As I learned more and more about the community, I became part of it.

That’s why I’m still here.
You.

Through the long road trips — Logansport on a Tuesday for regional soccer; Royal Center on a Friday for semi-state football; a Wednesday trip to Springfield, Ohio, for baseball regional tournament; or four trips to and from Fort Wayne for baseball and softball sectional tournaments — every mile has been worthwhile.

It’s the third week in August, attempting to put together a 20-page fall sports preview section, when I tend to write more than I should and have to cut words I don’t want to for the sake of making the section perfect.

Ask any co-worker who has seen me take on that project. The weekend before it goes to press, I might as well sleep in the office.

It’s the roughly two weeks before Thanksgiving when, aside from covering anything that is going on at the time, I have to schedule team interviews and photos, talk to coaches for preview stories, write said preview stories all the while writing thousands of words for the issue this column appears in.

But in the end, the work is warranted. At the end of those stressful times, I get to share with thousands of readers two projects I am proud to have had a hand in, or completely put together.

That’s why I’m still here.
You.

It’s working late on a Friday night covering a football or basketball game, and then waking up hours later to cover a cross country meet, or a wrestling tournament, or a swimming invitational.

There are stretches, generally from the middle of August until June, when I don’t get to sleep in Saturday mornings. Most of the time I work Sundays too, to write about the previous day’s happenings and prepare myself for the week.

There is a difference between a job and a career.

A job is something you have to do to pay the bills. A career is something you want to do; it just so happens that it pays the bills. I don’t have to be here. I want to be here.

I had this conversation with a handful of coworkers Monday. It was difficult for me to come up with the last week during which I did not work more than 40 hours. I was able to track it down, and the last time it happened was the end of July.

Sure, the hours are long, and it may seem as if I’m always “working,” but — this isn’t the first time I’ve said this — I feel as if I have yet to actually “work” a day in 2 1/2 years. And I truly mean it. I’m blessed to have this career. I love what I do.

It’s why I’m still here.
You.

Then there are the games, meets and matches I get to go to daily.

It’s witnessing school-record win streaks.

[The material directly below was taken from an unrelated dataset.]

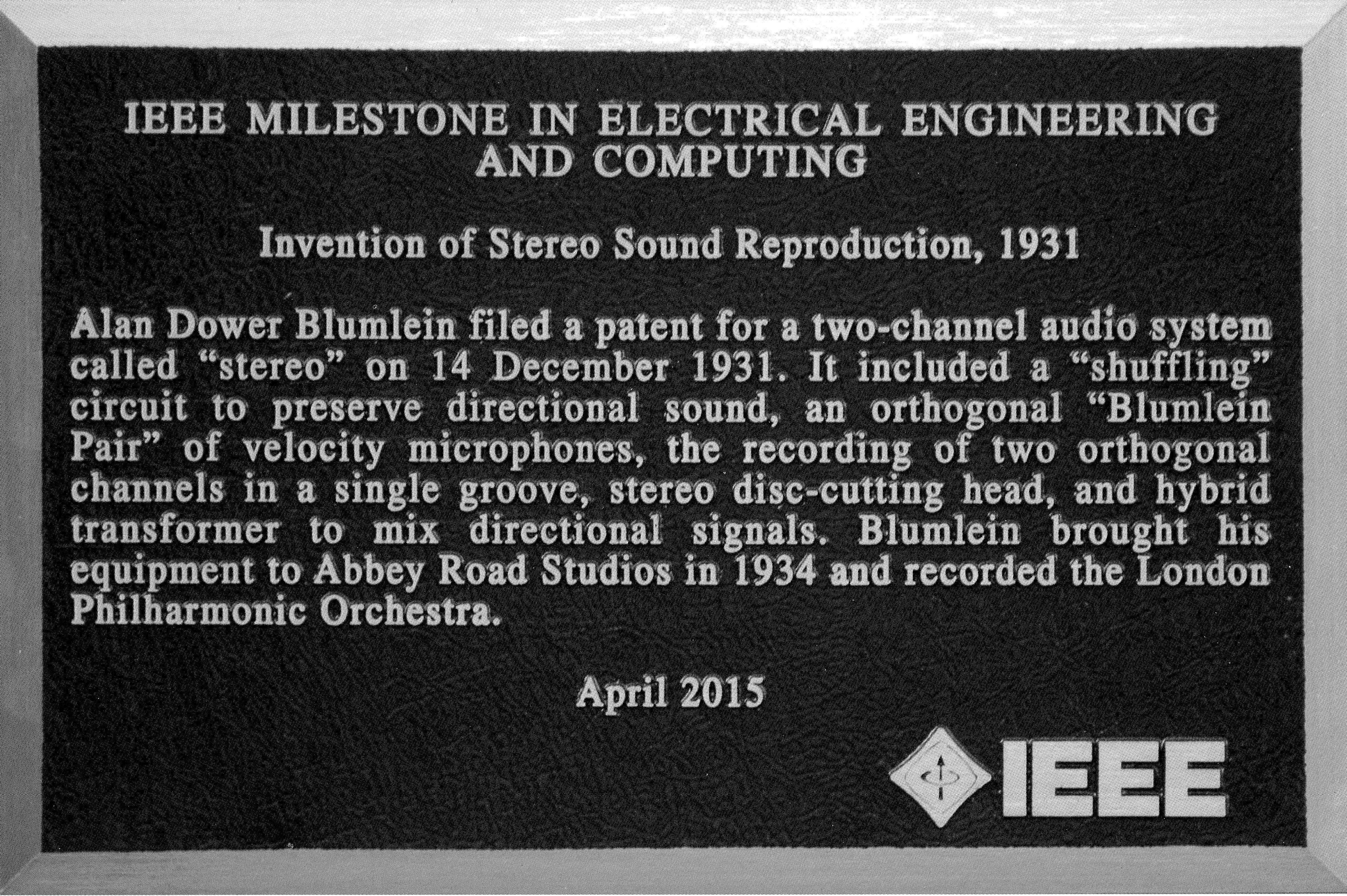 In 2015 he was honoured by the IEEE for his invention of stereo in 1931.

Also, being there for first appearances, such as in the playoffs, regional tournaments, district tournaments, and, as in the case with Fort Recovery, baseball and football state tournaments.

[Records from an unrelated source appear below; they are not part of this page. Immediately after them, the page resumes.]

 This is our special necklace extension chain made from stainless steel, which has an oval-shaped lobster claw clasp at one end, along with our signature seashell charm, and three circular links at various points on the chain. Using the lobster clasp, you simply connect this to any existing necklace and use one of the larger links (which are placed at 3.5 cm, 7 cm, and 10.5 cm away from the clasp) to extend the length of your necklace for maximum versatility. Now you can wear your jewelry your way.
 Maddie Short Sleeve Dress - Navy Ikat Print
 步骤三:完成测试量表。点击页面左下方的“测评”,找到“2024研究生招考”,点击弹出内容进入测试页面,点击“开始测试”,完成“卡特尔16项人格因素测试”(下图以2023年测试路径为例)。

It’s writing about state medals, improbable upsets and comeback stories. It’s more than just writing about them, but also being behind the camera to capture those moments.

When I began this career, I wasn’t very good at photography. I honestly enjoyed the writing more.

My how things change.

There’s not much more satisfying than capturing a photo of a great catch, a perfect header, a season-saving stop on a penalty kick or the moment a wrestler wins the state championship after losing in the final match the previous two years.

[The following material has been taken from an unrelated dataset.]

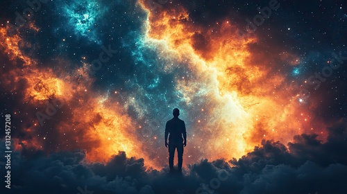 © Claudine, Fototapeta premium faith heavenly background man looking at the heavens in the background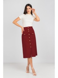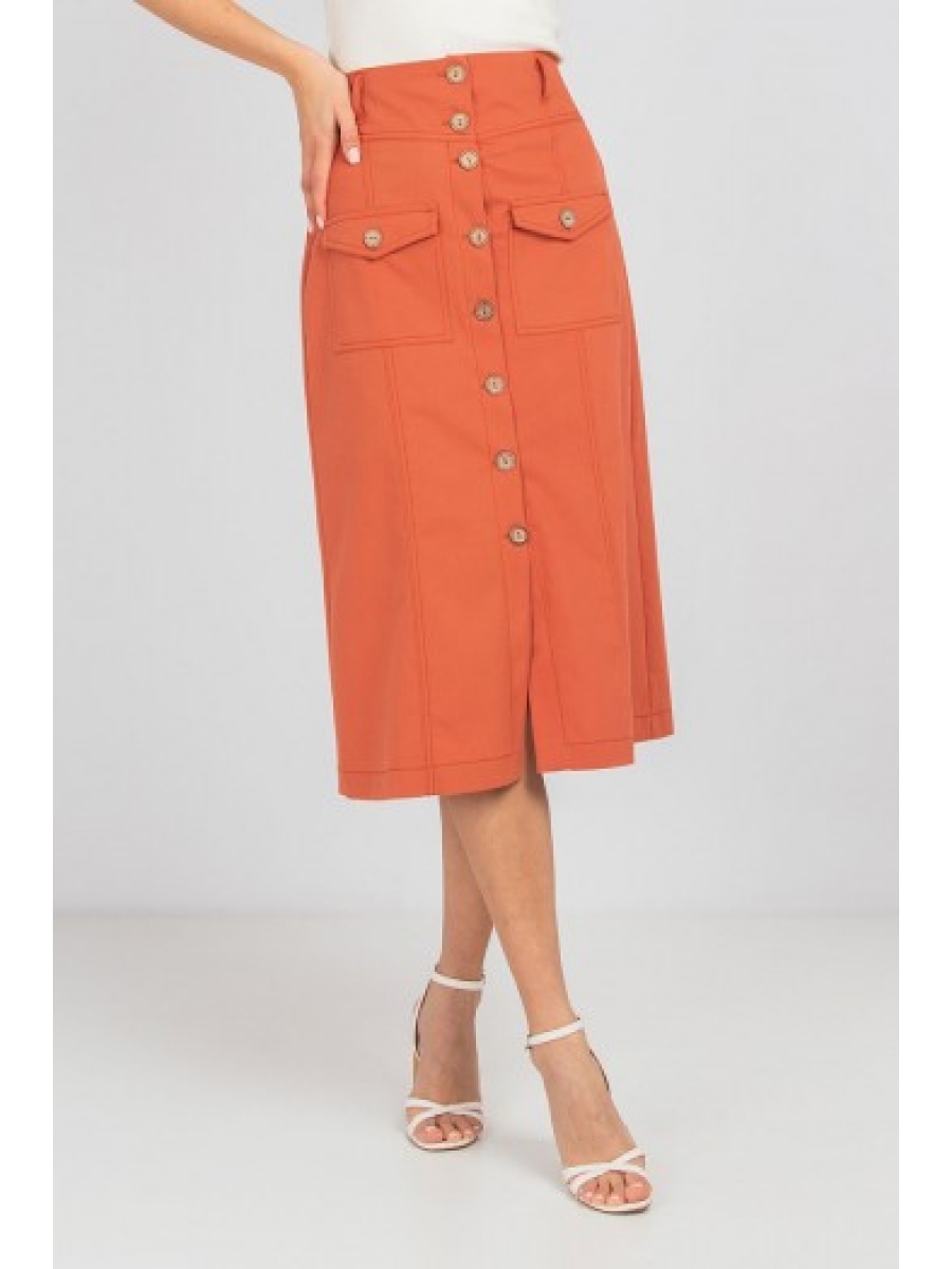 Юбка-трапеция из хлопка, с накладными карманами, застёгивается спереди на пуговицы. С двумя рельефами спереди и сзади.

The fun, the joy and the excitement are what make those instances the best.

That’s why I’m still here.
For those moments.
For you.

Many of my college classmates have done the same thing I am doing, starting at a small newspaper and then moving on to bigger and better things.

When they undertake a new position, especially one that covers big-time sports, I always say to myself, “Man, it would be cool if that was me.”

But in reality, I don’t want to be in their shoes. I don’t want to do what they do, because I have many more stories to tell and moments to capture in this area.

It’s why I’m still here.
You.

And for you, I am thankful.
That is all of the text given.